Gold-nanoparticle (Au-NP) non-volatile memories (NVMs) with low-damage CF₄ plasma treatment on the blocking oxide (BO) layer have been investigated to present the gate injection of the holes. These holes, injected from the Al gate with the positive gate bias, were explained by the bandgap engineering of the gradually-fluorinated BO layer and the effective work function modulation of the Al gate. The Si–F complex in the BO layer was analyzed by X-ray photoelectron spectroscopy (XPS), while the depth of fluorine incorporation was verified using a secondary ion mass spectrometer (SIMS). In addition, the valence band modification of the fluorinated BO layer was examined by ultraviolet photoelectron spectroscopy (UPS) to support the bandgap engineering. The reactive power of the CF₄ plasma treatment on the BO layer was modified to increase the electric field of the BO layer and raise the effective work function of the Al gate, leading to the hole-injection from the gate.
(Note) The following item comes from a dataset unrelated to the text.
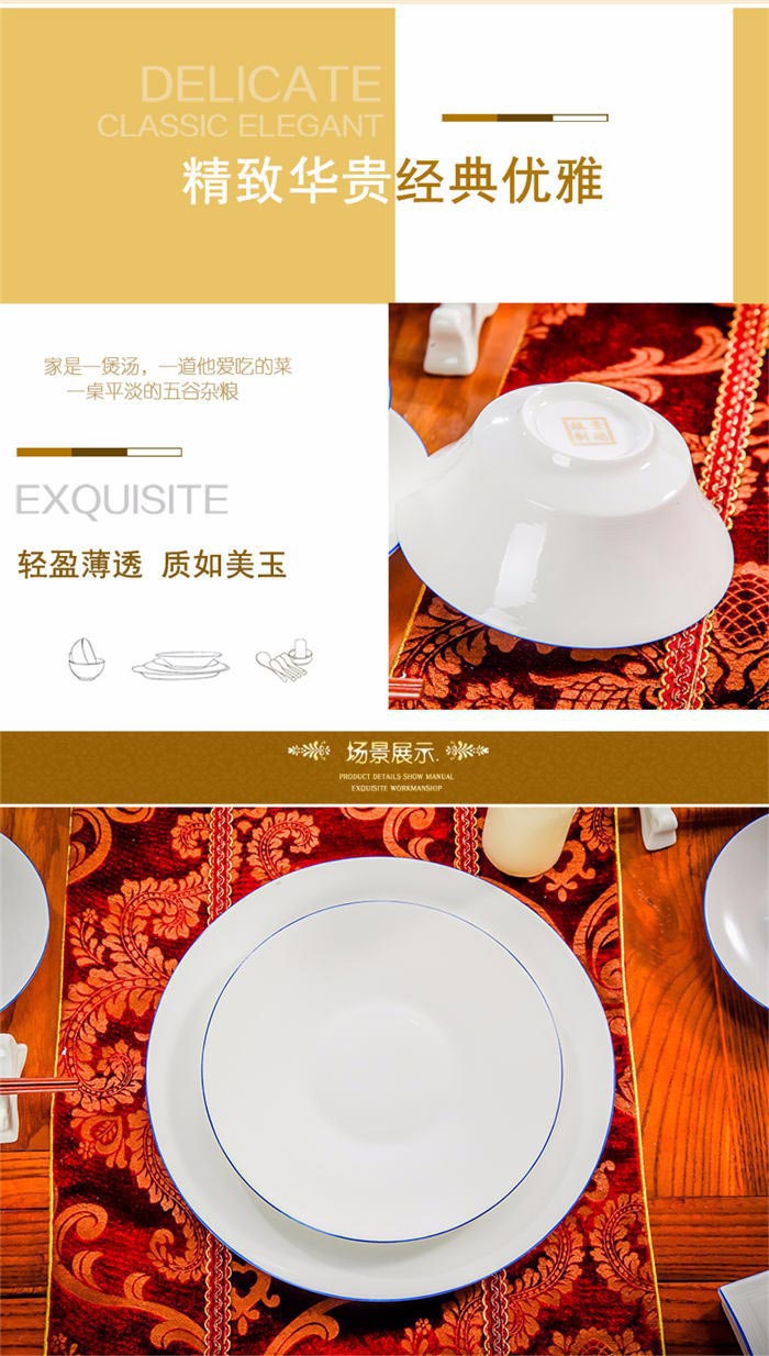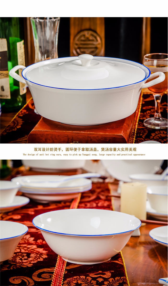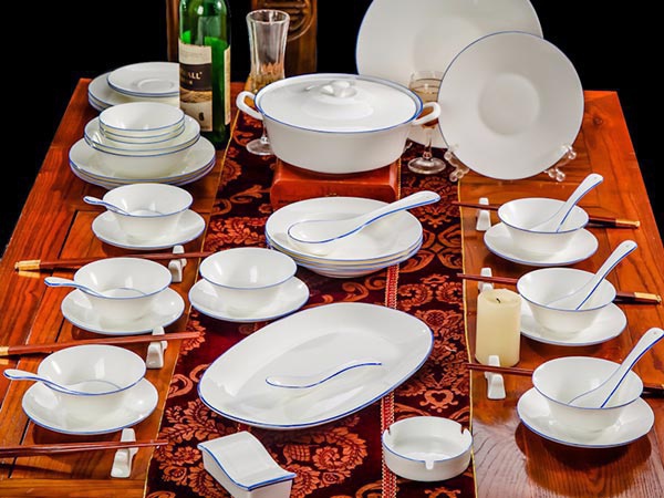 58頭蘭邊螺旋,一個(gè)湯煲,一個(gè)魚(yú)盤(pán),一個(gè)十寸圓盤(pán),一個(gè)飯勺,一個(gè)煙灰缸,一個(gè)牙簽筒,兩個(gè)面碗,十個(gè)4.5寸飯碗,十個(gè)五寸骨碟,十個(gè)八寸盤(pán),十個(gè)調(diào)羹,十個(gè)筷子架。

The injected holes are trapped at the interface between the gold-nanoparticles (Au-NPs) and the tunneling oxide (TO) layer, resulting in superior data retention properties such as an extremely low charge loss of 5.7% at 10⁴ s and a nearly negligible increase in charge loss at 85 °C of the CF₄-plasma-treated Au-NP NVMs, which can be applied in highly reliable consumer electronics.

1. Introduction

Over the past few years, the demand for portable electronic devices has increased rapidly due to the growth of the Internet of Things (IoT); therefore, a high-density unit is necessary in the development of floating gate (FG), non-volatile memories (NVMs) [1,2]. However, as the devices scale, the charges stored in the FG are easily lost through the thin tunneling oxide (TO) layer, leading to severe reliability issues [3]. To overcome these issues, discrete-charge storage concepts have been introduced in this generation [4,5]. Among these alternative memories, nanocrystal (NC) memories are being extensively investigated. The memories can store charges in isolated nanoparticles (NPs) to suppress lateral migration and enhance data retention behavior [6]. The materials used as NPs can be classified into three major categories: semiconductors, high-k dielectrics, and metals. Initially, Si and Ge were used as NPs because of their antecedence in the semiconductor industry [7,8]. Later, Gd₂O₃-NC memories were realized, in which crystalline Gd₂O₃-NC dots are surrounded by amorphous Gd₂O₃ dielectrics to ensure an energy band offset, enabling charge storage [9,10]. To improve the performance of NC memories, metal NPs, which can have a high density of states (DOS) around the Fermi-level, high particle scalability, and a wide range of accessible work functions, have been employed [11]. There are lots of metal NPs, such as Ag, Au, Pt, W, Co, Ni, NiSi₂, Ni_1−xFe_x, Hf, TiN, and Al metal NPs, being used for the non-volatile memory (NVM) applications [3]. This approach is to engineer the depth of the potential well (d_eff) at the storage nodes, achieving the asymmetrical barrier between the substrate and the storage nodes for the easy programming and good data-retention properties. For example, NVMs with gold nanoparticles (Au-NPs) have been fabricated with superior reliabilities owing to their large work function, low reactivity, high dot density, and uniform dot distribution [12]. Nevertheless, all NVMs with metal NPs presented the storage of electrons, which were injected from the substrate.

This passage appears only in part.